━━━ The data ━━━

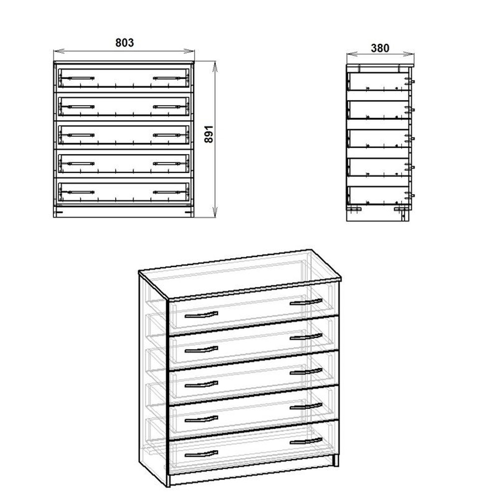 * Περιλαμβάνει πέντε συρόμενα συρτάρια, προσφέροντας μεγάλο χώρο για την αποθήκευση και φύλαξη των αγαπημένων σας ρούχων και αξεσουάρ.
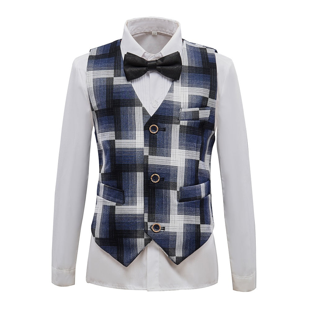 Package includes:Jacket + Pants + Vest+ Shirt + Tie, 5-Piece Suit.
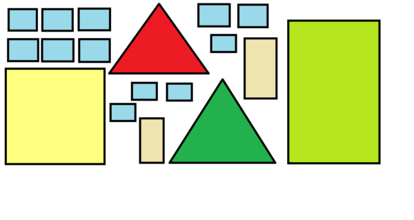 Papierowe kolorowe figury geometryczne: duży prostokąt, mały prostokąt, 2 małe kwadraty, duży trójkąt.

━━━

Aim of the exercise
The material above holds pictures; copy everything else in it exactly.

Solution for this problem
 * Περιλαμβάνει πέντε συρόμενα συρτάρια, προσφέροντας μεγάλο χώρο για την αποθήκευση και φύλαξη των αγαπημένων σας ρούχων και αξεσουάρ.
 Package includes:Jacket + Pants + Vest+ Shirt + Tie, 5-Piece Suit.
 Papierowe kolorowe figury geometryczne: duży prostokąt, mały prostokąt, 2 małe kwadraty, duży trójkąt.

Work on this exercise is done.